=== What you should do ===
In the entries below, begin at the line that has "Для бизнес-аккаунтов и" and stop after the line that has "关于公布江西省2023年度第一批省级 工程建设工法名单的通知"; output those lines exactly, leaving out pictures.

+===+

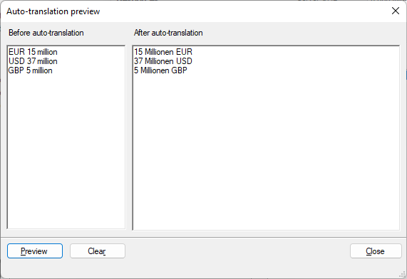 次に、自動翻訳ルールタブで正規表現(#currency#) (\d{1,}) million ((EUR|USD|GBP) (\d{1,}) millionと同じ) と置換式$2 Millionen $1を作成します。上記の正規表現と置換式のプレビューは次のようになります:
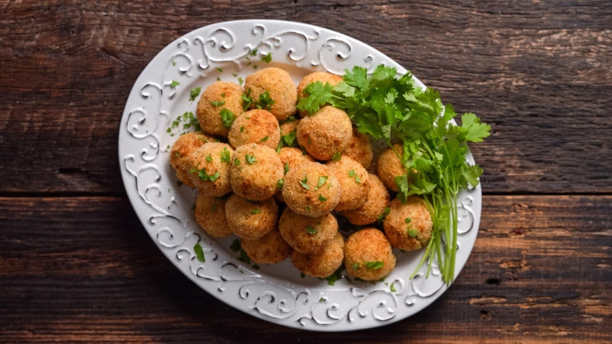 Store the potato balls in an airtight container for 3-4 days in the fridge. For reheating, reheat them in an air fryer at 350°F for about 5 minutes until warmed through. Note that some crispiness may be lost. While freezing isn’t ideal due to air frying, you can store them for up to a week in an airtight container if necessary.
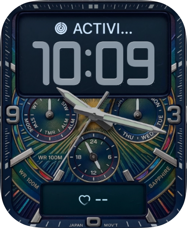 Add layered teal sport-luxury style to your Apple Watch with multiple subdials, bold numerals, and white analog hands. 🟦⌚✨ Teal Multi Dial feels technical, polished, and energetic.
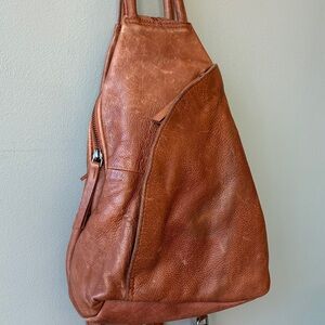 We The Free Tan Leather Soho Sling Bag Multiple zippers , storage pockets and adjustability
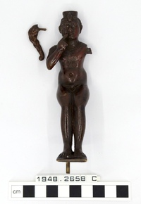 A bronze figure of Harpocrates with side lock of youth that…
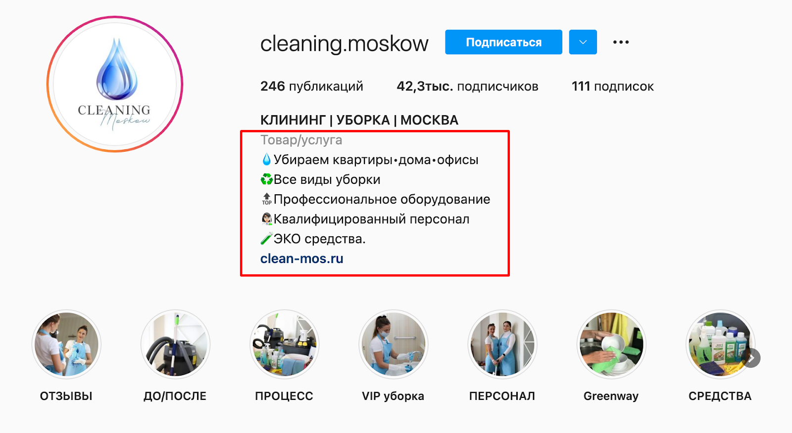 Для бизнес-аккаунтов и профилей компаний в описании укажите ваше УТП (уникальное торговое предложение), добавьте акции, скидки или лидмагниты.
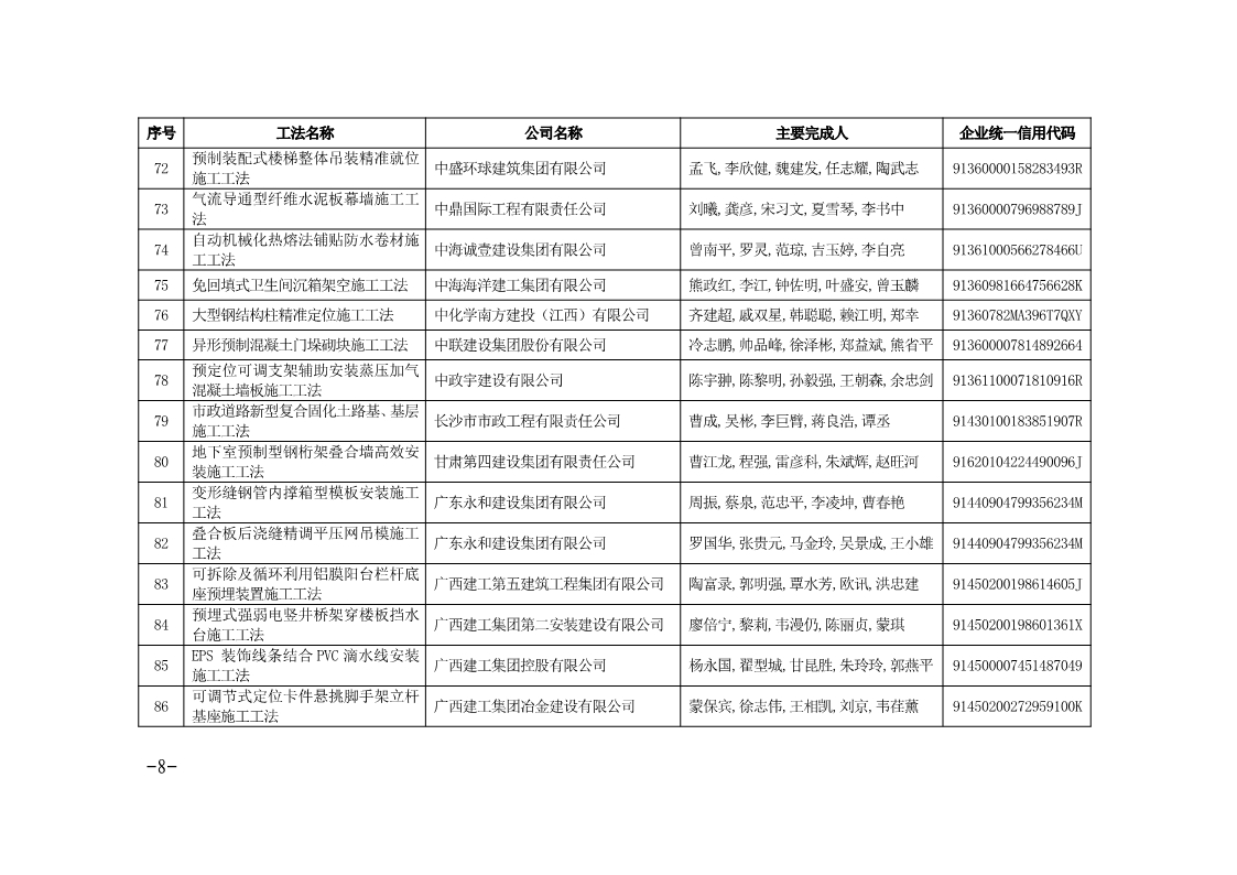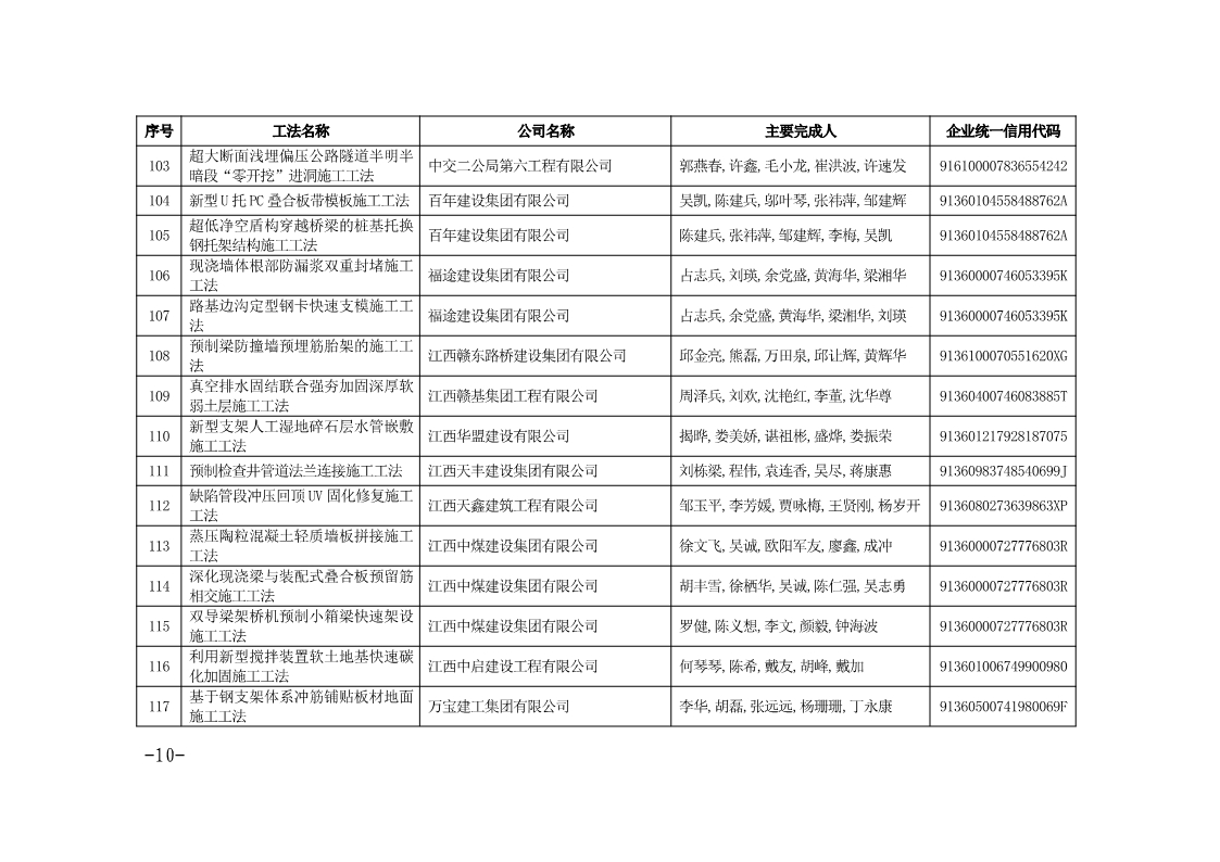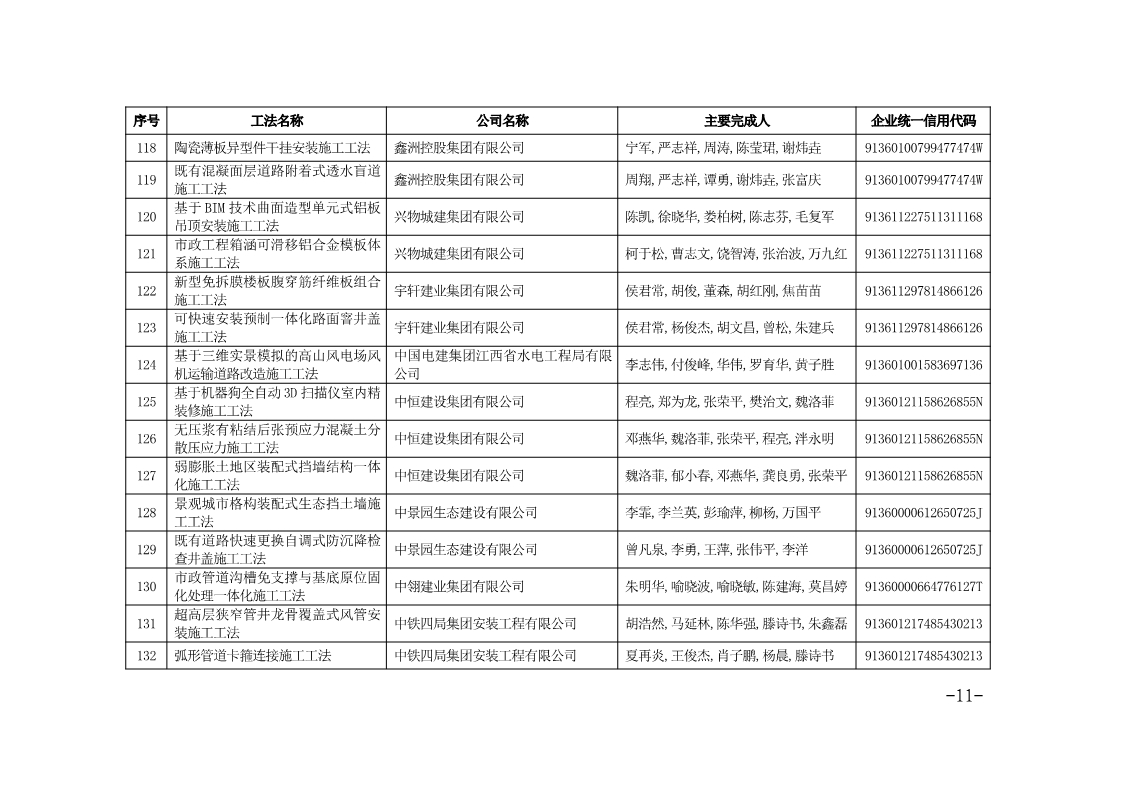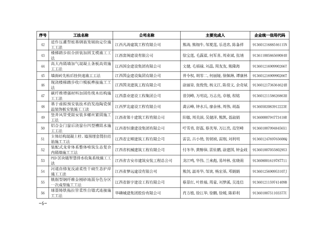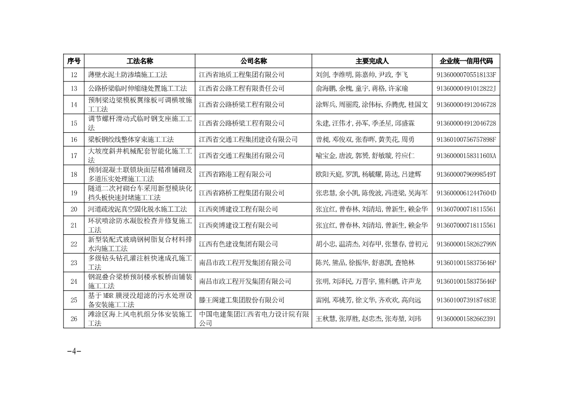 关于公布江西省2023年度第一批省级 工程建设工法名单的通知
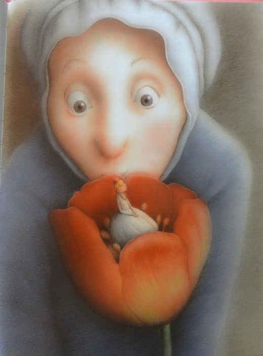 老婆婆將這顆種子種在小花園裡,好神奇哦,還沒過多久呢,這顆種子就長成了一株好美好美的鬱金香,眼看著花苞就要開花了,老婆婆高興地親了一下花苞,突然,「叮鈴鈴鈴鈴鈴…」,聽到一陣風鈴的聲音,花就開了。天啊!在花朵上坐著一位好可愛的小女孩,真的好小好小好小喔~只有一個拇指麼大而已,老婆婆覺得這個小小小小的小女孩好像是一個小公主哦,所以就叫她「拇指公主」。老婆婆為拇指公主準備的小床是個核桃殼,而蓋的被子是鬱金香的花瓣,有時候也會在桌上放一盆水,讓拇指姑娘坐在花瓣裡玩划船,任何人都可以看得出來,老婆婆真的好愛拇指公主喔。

+===+

=== Written answer ===
 Для бизнес-аккаунтов и профилей компаний в описании укажите ваше УТП (уникальное торговое предложение), добавьте акции, скидки или лидмагниты.
 关于公布江西省2023年度第一批省级 工程建设工法名单的通知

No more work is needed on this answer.